* _Records from a dataset_
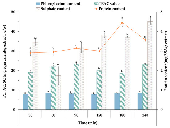 Total phloroglucinol content (PC), antioxidant activity in terms of TEAC values (AC), sulphate content (SC) and protein content for extracts from S. latissima processed under different durations of ultrasound (from 30 to 240 min). Note: n ≥ 3, letters in columns represent significant differences (p > 0.95).
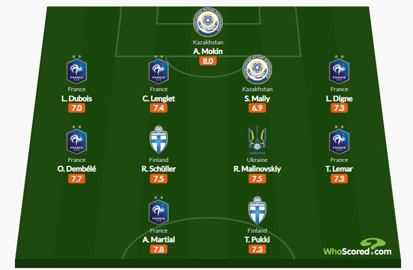 39-летний Александр Мокин стал лучшим игроком всего тура с оценкой 8,0. Голкипер Национальной сборной в матче с Францией совершил 7 сейвов и отразил пенальти от Килиана Мбаппе. Защитник сборной Казахстана Сергей Малый с оценкой 6,9, также оказался в символической сборной тура группы G по версии портала.
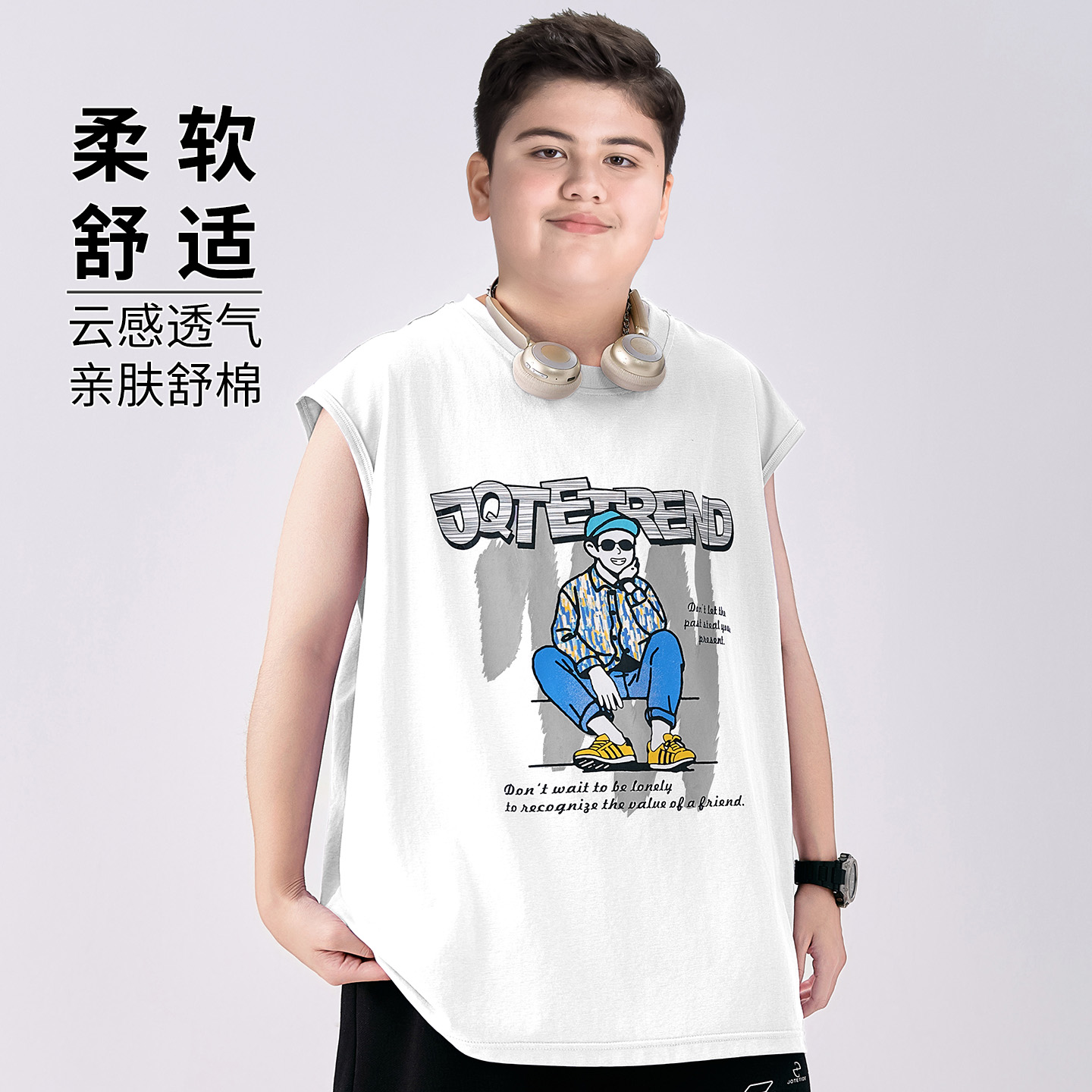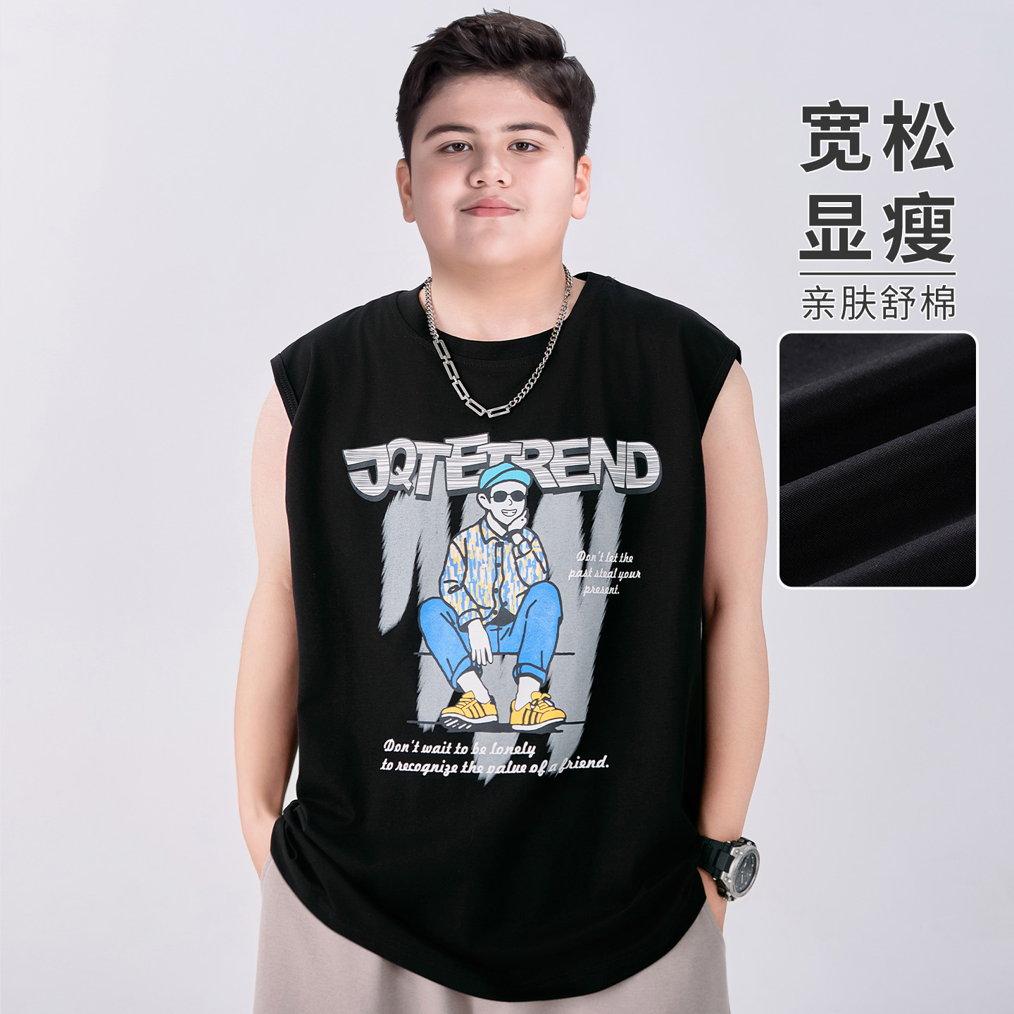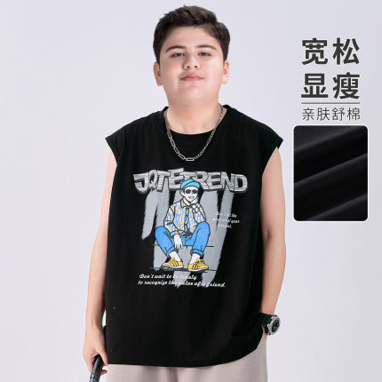 胖童装男童背心加肥加大夏装2025新款初中学生无袖t恤中大童夏季T
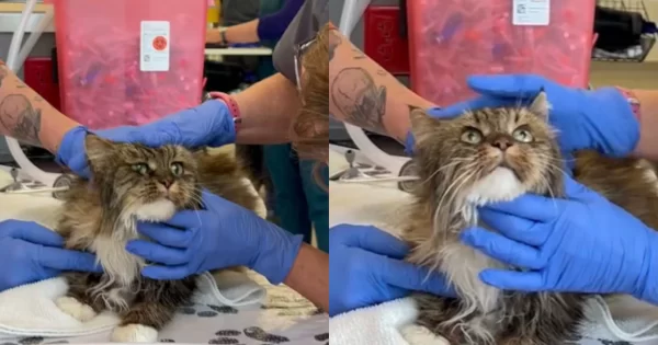 Gatinha recebendo cuidados médicos após o resgatada no centro de acolhimento da ONG | Foto: Best Friends Animal Society / Divulgação
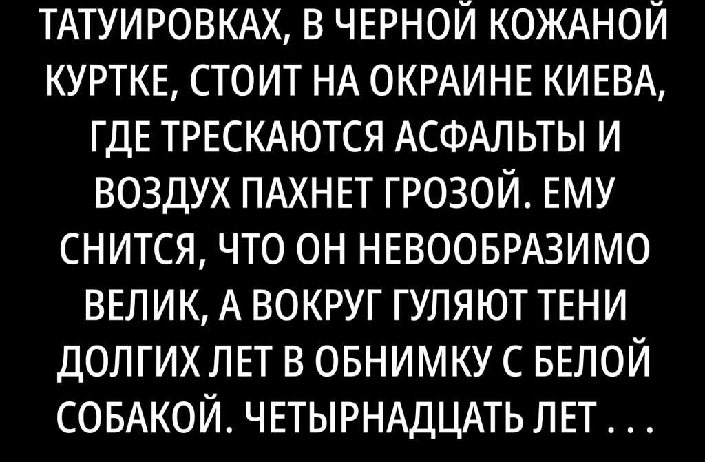 Мужчина с бородой, вся в татуировках, в черной кожаной куртке, стоит на окраине Киева, где трескаются асфальты и воздух пахнет грозой. Ему снится, что он невообразимо велик, а вокруг гуляют тени долгих лет в обнимку с белой собакой. Четырнадцать лет они вместе бродили по забытым улочкам, собирали каштаны под дождями, перепрыгивали лужи столько раз, что стала путаться реальность.
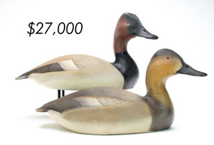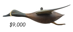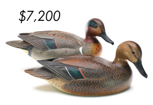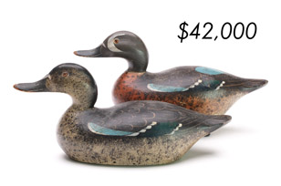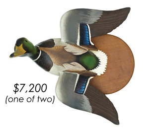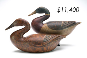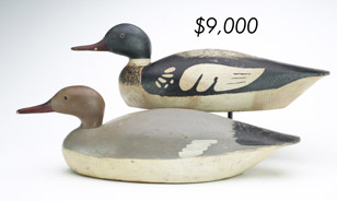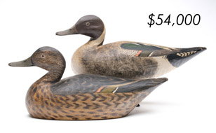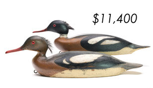 ![]() World Auction Record for Makers Beaver tail style pintail, Ward Brothers | ![]() Pair of American mergansers, John Dawson |
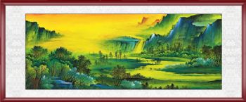 • 彩墨山水国画山里风景山水画小六尺山水画实木外框
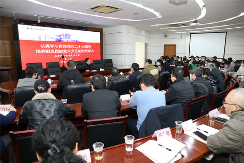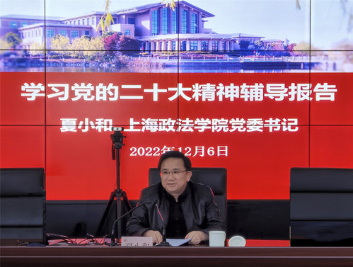 12月6日下午,新利18官方客服党委学习贯彻党的二十大精神宣讲团团长、校党委书记夏小和在求实楼513视频会议室为学校全体中层干部作题为“认真学习贯彻党的二十大精神 培养担当民族复兴大任的时代新人”专题辅导报告。马克思主义学院教师和党委组织部全体党员参加学习。校党委常委、组织部统战部部长王静主持报告会。
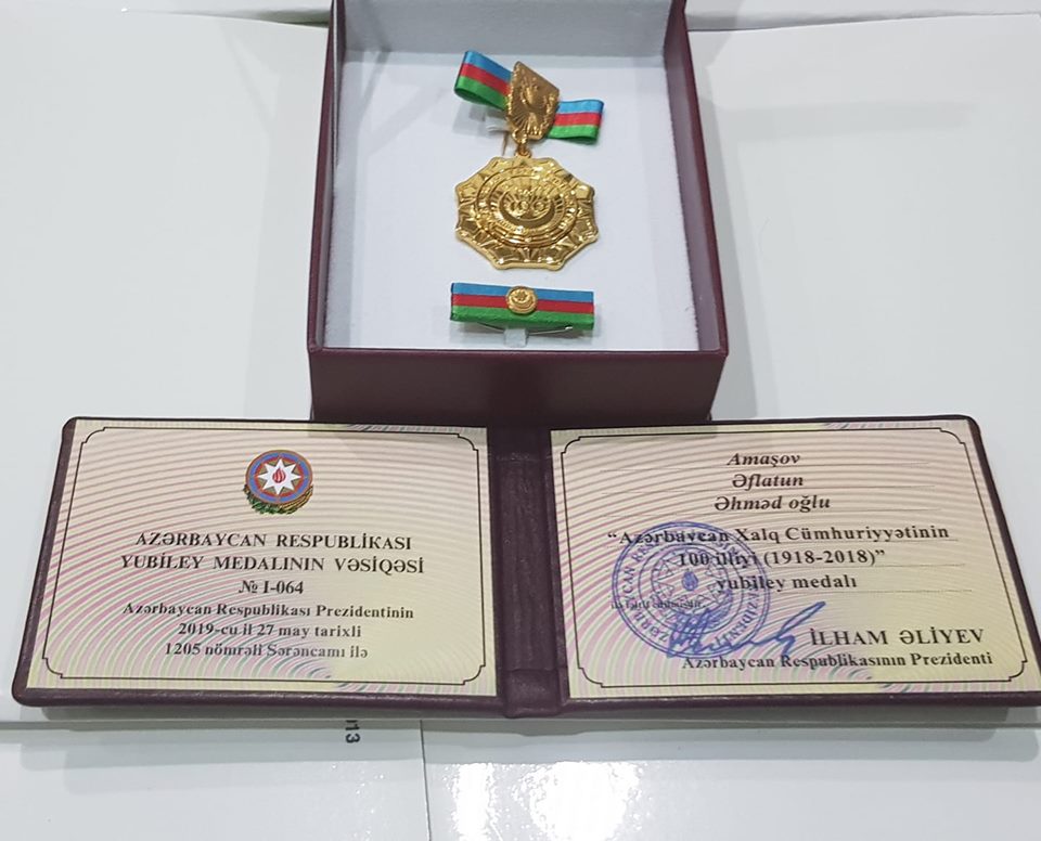 Azərbaycan Xalq Cümhuriyyətinin 100 illiyi (1918-2018)” yubiley medalı ilə təltif olunduğum üçün Azərbaycan Respublikasının Prezindenti cənab İlham Əliyevə dərin təşəkkürümü bildirirəm.

* _WORK TASK_
Write out each entry exactly; any pictures stay out of the copy.

* _REPLY_
 Total phloroglucinol content (PC), antioxidant activity in terms of TEAC values (AC), sulphate content (SC) and protein content for extracts from S. latissima processed under different durations of ultrasound (from 30 to 240 min). Note: n ≥ 3, letters in columns represent significant differences (p > 0.95).
 39-летний Александр Мокин стал лучшим игроком всего тура с оценкой 8,0. Голкипер Национальной сборной в матче с Францией совершил 7 сейвов и отразил пенальти от Килиана Мбаппе. Защитник сборной Казахстана Сергей Малый с оценкой 6,9, также оказался в символической сборной тура группы G по версии портала.
 胖童装男童背心加肥加大夏装2025新款初中学生无袖t恤中大童夏季T
 Gatinha recebendo cuidados médicos após o resgatada no centro de acolhimento da ONG | Foto: Best Friends Animal Society / Divulgação
 Мужчина с бородой, вся в татуировках, в черной кожаной куртке, стоит на окраине Киева, где трескаются асфальты и воздух пахнет грозой. Ему снится, что он невообразимо велик, а вокруг гуляют тени долгих лет в обнимку с белой собакой. Четырнадцать лет они вместе бродили по забытым улочкам, собирали каштаны под дождями, перепрыгивали лужи столько раз, что стала путаться реальность.
 ![]() World Auction Record for Makers Beaver tail style pintail, Ward Brothers | ![]() Pair of American mergansers, John Dawson |
 • 彩墨山水国画山里风景山水画小六尺山水画实木外框
 12月6日下午,新利18官方客服党委学习贯彻党的二十大精神宣讲团团长、校党委书记夏小和在求实楼513视频会议室为学校全体中层干部作题为“认真学习贯彻党的二十大精神 培养担当民族复兴大任的时代新人”专题辅导报告。马克思主义学院教师和党委组织部全体党员参加学习。校党委常委、组织部统战部部长王静主持报告会。
 Azərbaycan Xalq Cümhuriyyətinin 100 illiyi (1918-2018)” yubiley medalı ilə təltif olunduğum üçün Azərbaycan Respublikasının Prezindenti cənab İlham Əliyevə dərin təşəkkürümü bildirirəm.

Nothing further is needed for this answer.